Company Background
Specter's mission is to help automate the physical world.
Today, we build video sensors with state-of-the-art AI agents that answer any question, anywhere in their environments. Our systems can automatically detect and reason about any physical activity captured on camera, from security incidents (e.g. perimeter intrusion, theft, LPR), to safety monitoring (e.g. PPE detection, injured people), to operational efficiency (e.g. material tracking, congestion monitoring). We offer both long range wireless (1km range) and wired sensor variants to suit any deployment.
Our co-founders Xerxes and Philip are passionate about empowering our partners in the fast approaching world of physical AI and robotics. We are a small, fast growing team who hail from Anduril, Tesla, Uber, and the U.S. Special Forces.
The Role
Specter is hiring an ML Infrastructure engineer to build and scale the machine learning systems that power real-time perception and inference across our edge-cloud platform. This role owns the data, training, deployment, and serving infrastructure for the computer vision and VLM systems that enable autonomous monitoring and orchestration across our customers' physical assets.
Responsibilities:
Designing and implementing scalable ML training and inference pipelines for perception models (object detection, tracking, classification, segmentation) and VLMs.
Developing continuous training and evaluation systems to improve model performance from production data feedback loops.
Designing large-scale multi-modal data pipelines for ingesting, processing, and indexing video and sensor data spanning both batch and streaming workloads.
Creating data pipelines for ingesting, labeling, versioning, and managing massive multi-modal sensor datasets (video, radar, lidar, thermal).
Implementing model monitoring, A/B testing frameworks, and performance analytics for deployed perception systems.
Collaborating with perception researchers to transition models from research to production at scale across thousands of edge nodes.

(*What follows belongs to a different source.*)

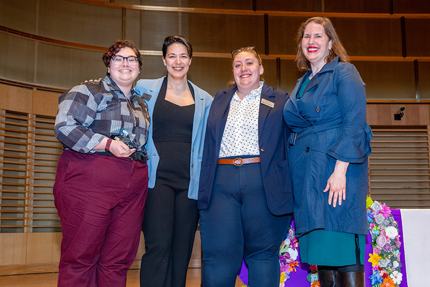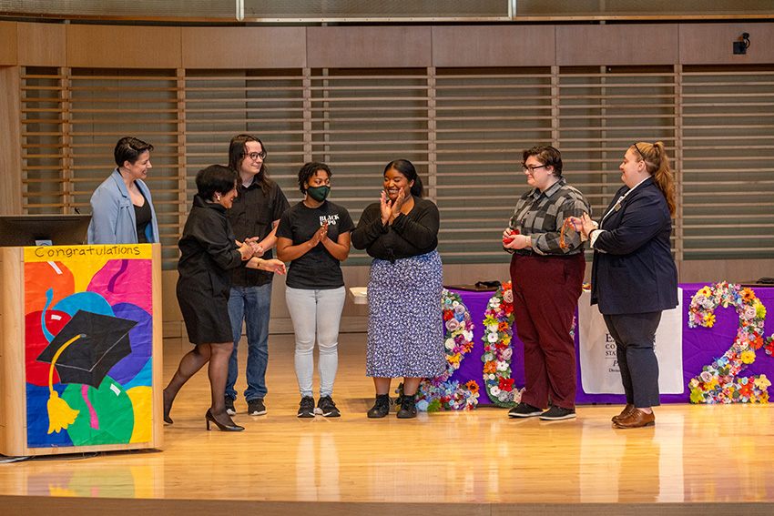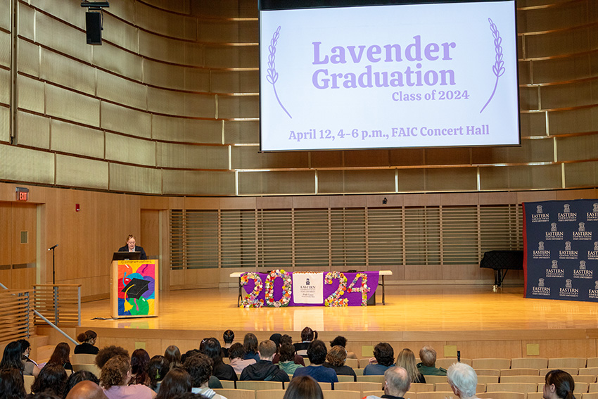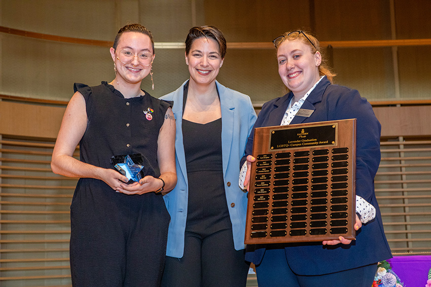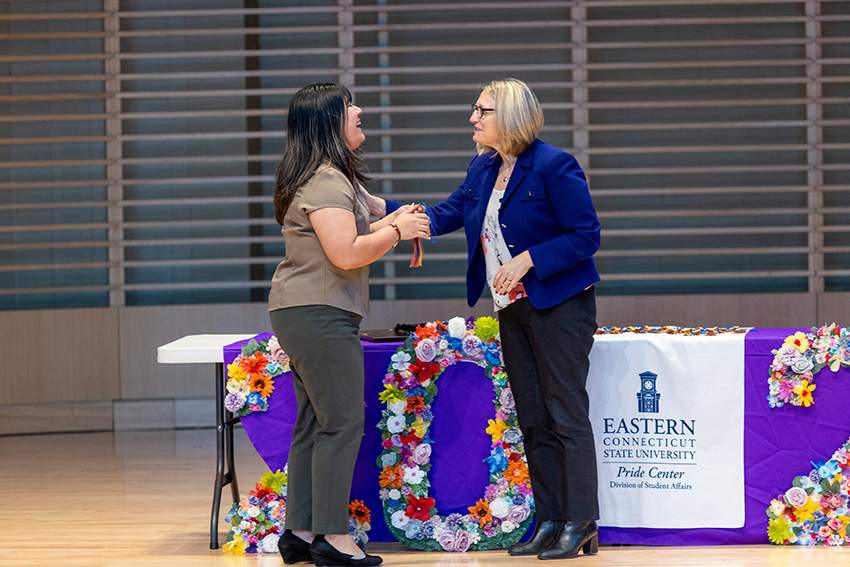With the largest graduating cohort ever of queer students, the Pride Center at Eastern Connecticut State University recently hosted its seventh Lavender Graduation. President Elsa Núñez and awardees Billi Kozak and Arden Parzych were honored during the ceremony.

Building tools and infrastructure for distributed training, hyperparameter optimization, and experiment tracking.
Qualifications:
Strong software engineering fundamentals in Python, with working proficiency in a systems language (Rust, Go, C++) for performance-sensitive data and inference paths.

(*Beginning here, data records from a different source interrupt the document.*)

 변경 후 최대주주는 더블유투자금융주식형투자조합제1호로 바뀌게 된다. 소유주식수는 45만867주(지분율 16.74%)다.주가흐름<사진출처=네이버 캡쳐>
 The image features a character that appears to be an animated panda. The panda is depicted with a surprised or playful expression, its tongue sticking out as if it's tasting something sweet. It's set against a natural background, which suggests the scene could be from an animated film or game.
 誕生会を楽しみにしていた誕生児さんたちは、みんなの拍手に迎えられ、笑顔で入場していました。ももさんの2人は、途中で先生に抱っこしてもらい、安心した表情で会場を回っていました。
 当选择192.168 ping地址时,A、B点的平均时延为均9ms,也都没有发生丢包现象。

Working proficiency with ML frameworks (PyTorch, TensorFlow) and model optimization tooling.
Deep experience building and operating model inference systems at scale, request routing, batching, autoscaling, caching, and latency/throughput tuning under real production load.
Hands-on experience with distributed compute frameworks for ML and data workloads (Ray, Spark, or equivalent), including GPU cluster management and orchestration.

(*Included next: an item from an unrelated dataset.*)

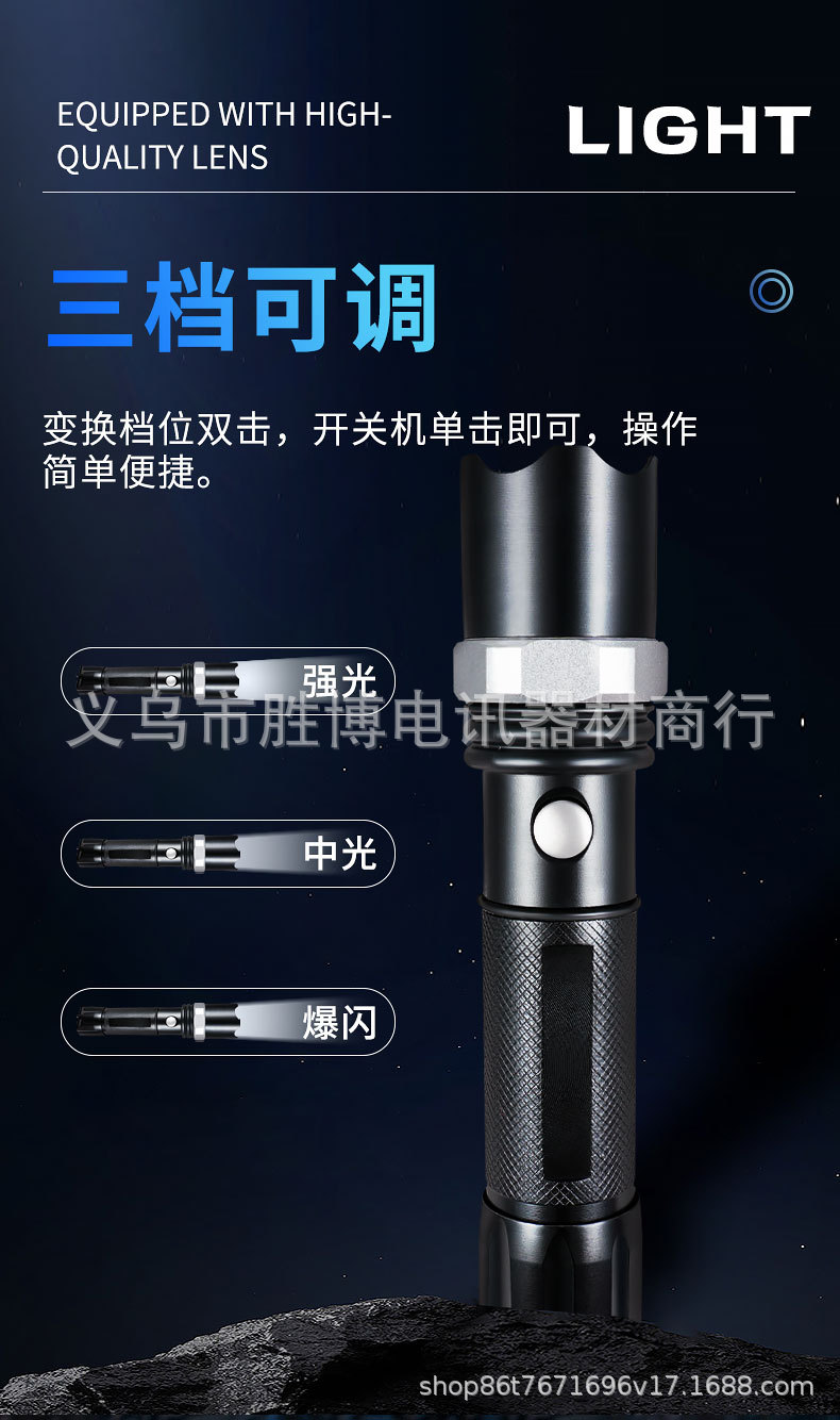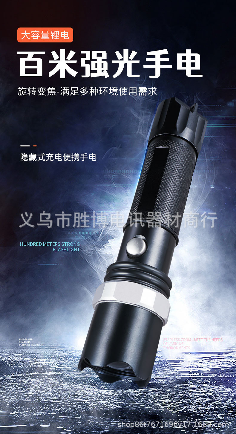 Antorcha de luz de aleación de aluminio LED multifuncional rotación al aire libre zoom portátil antorcha roja recargable

Strong understanding of distributed systems fundamentals: partitioning, replication, backpressure, exactly-once semantics.
Experience with vector databases (QDrant, LanceDB, or equivalent) for similarity search and retrieval workloads.
Familiarity with LLM/VLM serving frameworks (VLLM, SGLang, TensorRT-LLM) in production is a strong plus.
Familiarity with video processing, sensor fusion, or multi-modal perception systems is a plus.